What is being asked: Reproduce the listing in full, exactly as written, but without images.

Records for this task:

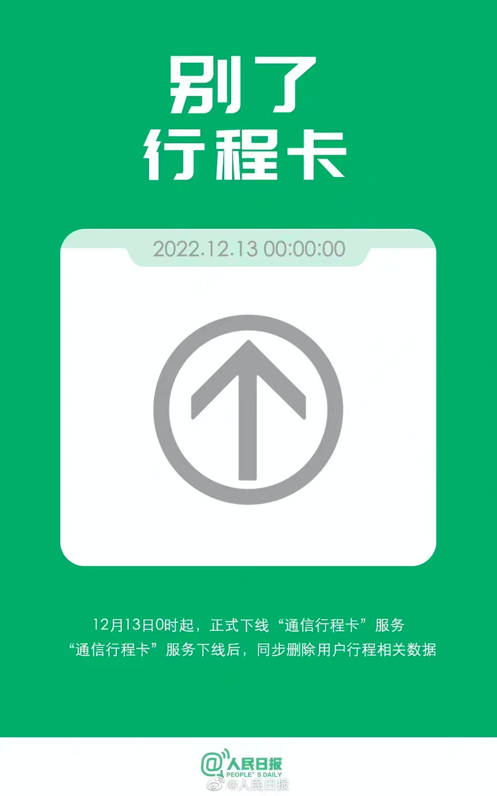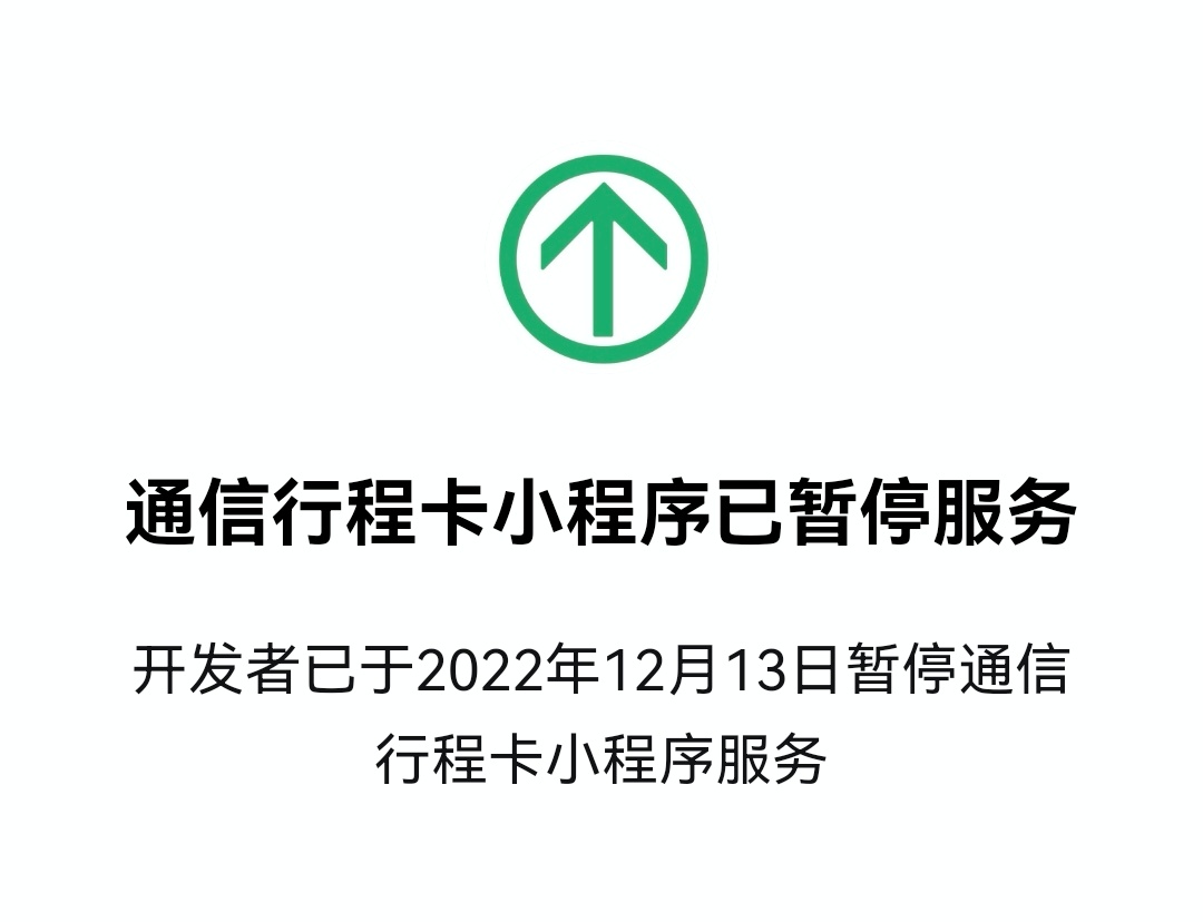 12月12日,据“通信行程卡”微信公众号消息,12月13日0时起,正式下线“通信行程卡”服务。“通信行程卡”短信、网页、微信小程序、支付宝小程序、 APP等查询渠道将同步下线。
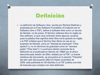 Este documento presenta una definición de software libre escrita por Richard Stallman y publicada por la Free Software Foundation. Define el software libre como un asunto de libertad y no de precio. Enfatiza que el término "free" se refiere a libertad y no a gratuidad. La definición se ha publicado en 39 idiomas.
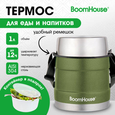 Термос BoomHouse - практичное решение для сохранения температуры еды и напитков до 12 часов! Двойные стенки из нержавеющей стали SUS 304 надёжно удерживают тепло, а широкое горло удобно для первых и вторых блюд. Незаменим в поездках, на работе и отдыхе. Термос BoomHouse выполнен из долговечной пищевой нержавеющей стали SUS 304 и безопасного для здоровья нетоксичного пластика (BPA free). Благодаря качественной вакуумной конструкции с двойными стенками, силиконовым уплотнителям и надежной крышке полностью герметичен и не протекает при использовании. Удержание температуры зависит от условий использования: частота открывания, время нахождения в открытом состоянии, температура окружающей среды, начальная температура наливаемой жидкости.
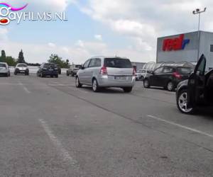 Exibitionistische tranny dildo neukt zijn homo aars op een publieke parkeerplaats
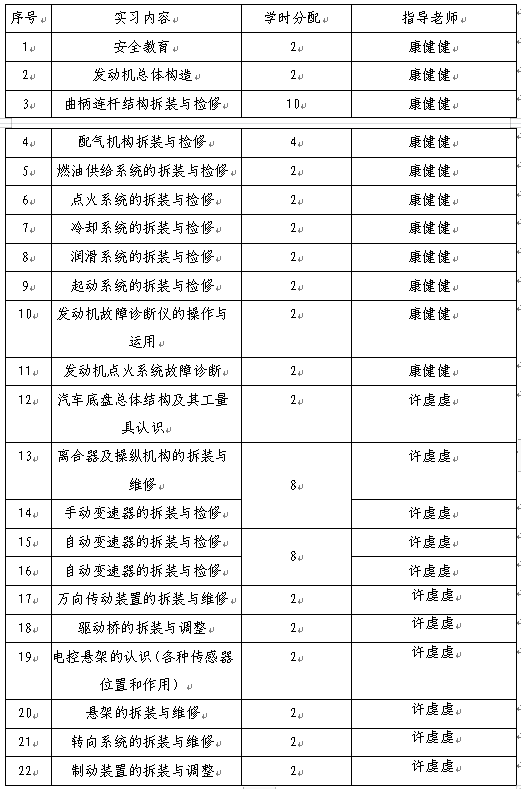 汽车拆装实训是汽车服务工程技术专业学生在校学习理论课程和实验课程的同时,按照专业人才培养方案进行课程实习和实践技能训练,主要是对汽车整车进行拆装实习。为了圆满完成实习任务,保证实习质量,具体安排如下:
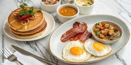 breakfast, food photography, candid, closeup, delicious, food, photo, morning, tasty, healthy, thai food, plate, bowl, spoon, fork, knife, hot drink, tea, juice, fruit, toast, battercake, noodle, rice, egg, bacon, sausage, yogurt, dessert, table, light, natural light, morning meal, asian cuisine, high-quality, realistic, detailed
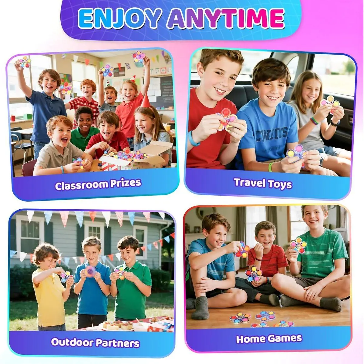 2-in-1 Sensory Pop Fidget Spinner Bulk: Each fidget spinner features soft silicone pop bubbles that make a satisfying "pop" sound when pressed, delivering tactile stimulation and sensory relief. With 9 vibrant tie-dye designs, this colorful set sparks visual interest and stands out from the crowd—there’s a favorite for everyone

Answer below:
 12月12日,据“通信行程卡”微信公众号消息,12月13日0时起,正式下线“通信行程卡”服务。“通信行程卡”短信、网页、微信小程序、支付宝小程序、 APP等查询渠道将同步下线。
 Este documento presenta una definición de software libre escrita por Richard Stallman y publicada por la Free Software Foundation. Define el software libre como un asunto de libertad y no de precio. Enfatiza que el término "free" se refiere a libertad y no a gratuidad. La definición se ha publicado en 39 idiomas.
 Термос BoomHouse - практичное решение для сохранения температуры еды и напитков до 12 часов! Двойные стенки из нержавеющей стали SUS 304 надёжно удерживают тепло, а широкое горло удобно для первых и вторых блюд. Незаменим в поездках, на работе и отдыхе. Термос BoomHouse выполнен из долговечной пищевой нержавеющей стали SUS 304 и безопасного для здоровья нетоксичного пластика (BPA free). Благодаря качественной вакуумной конструкции с двойными стенками, силиконовым уплотнителям и надежной крышке полностью герметичен и не протекает при использовании. Удержание температуры зависит от условий использования: частота открывания, время нахождения в открытом состоянии, температура окружающей среды, начальная температура наливаемой жидкости.
 Exibitionistische tranny dildo neukt zijn homo aars op een publieke parkeerplaats
 汽车拆装实训是汽车服务工程技术专业学生在校学习理论课程和实验课程的同时,按照专业人才培养方案进行课程实习和实践技能训练,主要是对汽车整车进行拆装实习。为了圆满完成实习任务,保证实习质量,具体安排如下:
 breakfast, food photography, candid, closeup, delicious, food, photo, morning, tasty, healthy, thai food, plate, bowl, spoon, fork, knife, hot drink, tea, juice, fruit, toast, battercake, noodle, rice, egg, bacon, sausage, yogurt, dessert, table, light, natural light, morning meal, asian cuisine, high-quality, realistic, detailed
 2-in-1 Sensory Pop Fidget Spinner Bulk: Each fidget spinner features soft silicone pop bubbles that make a satisfying "pop" sound when pressed, delivering tactile stimulation and sensory relief. With 9 vibrant tie-dye designs, this colorful set sparks visual interest and stands out from the crowd—there’s a favorite for everyone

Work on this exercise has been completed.